3.1 Research Framework

This study intended to verify the impact of corporate governance on the disclosure of environmental information, via legitimacy theory. This is important when discussing corporate environmental disclosure practices to consider the values, motives, and choices of those involved in policy formulation decision-making in the organization Maclagan,1999. Hence, the consideration of corporate governance, including ownership structure and the constituents of boards that exist in an organization, is important because it is top management who oversees information disclosure in annual reports Gibbins et al., 1990. The principal variables relevant to corporate governance are outside directors on board, management ownership, institutional ownership, and foreign ownership. The disclosure of environmental information is measured by environmental information disclosure EID, and particularly by the level of EID. The research framework of this study is as follows: Research Framework 1686

3.2 Korean context

3.2.1 Board composition

The Securities and Exchange Act, Article 2, defines an independent director as a non-executive director who is qualified and elected in accordance with Articles 54-5 or 191-16 of the Securities and Exchange Act Feb 1998, re-regulated on Nov 2000. The requirements for listed companies are as follows: a At least one independent director should be on the board, and the total number of independent directors should comprise at least one quarter of the board. b For companies with assets in excess of two trillion Korean won, at least three independent directors should serve on the board, and the total number of independent directors should comprise at least half of the board.

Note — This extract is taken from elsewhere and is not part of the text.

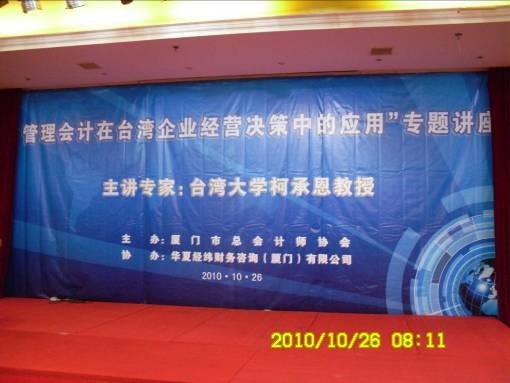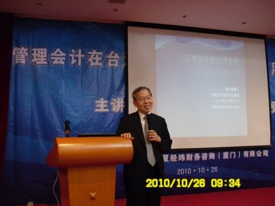 為了搭建廈門與臺(tái)灣兩地公司治理與會(huì)計(jì)的交流平臺(tái),在ECFA時(shí)代更好地推動(dòng)廈門企業(yè)高級管理人員和高級財(cái)會(huì)人才與臺(tái)灣同行的專業(yè)交流、合作,服務(wù)兩岸的經(jīng)濟(jì)建設(shè)與發(fā)展,由廈門市總會(huì)計(jì)師協(xié)會(huì)主辦,華夏經(jīng)緯財(cái)務(wù)咨詢(廈門)有限公司協(xié)辦,特邀臺(tái)灣大學(xué)著名會(huì)計(jì)教授、企業(yè)管理專家柯承恩博士主講的“管理會(huì)計(jì)在臺(tái)灣企業(yè)經(jīng)營決策中的應(yīng)用”專題講座昨天成功舉辦。

The recommendations of the Korea Corporate Governance Service KCGS concerning boards of directors are as follows: a The board of directors shall make the corporation‘s key management policy decisions and shall supervise the activities of the directors and management. b The directors and the board shall perform their duties faithfully in the best interest of the corporation and its shareholders; they should also live up to their social responsibilities and consider the interests of various stakeholders. c The board shall observe the related statutes and the articles of incorporation when performing its duties, and shall ensure that all members of the corporation also observe them. One of the functions of the board is to oversee the process of information disclosure.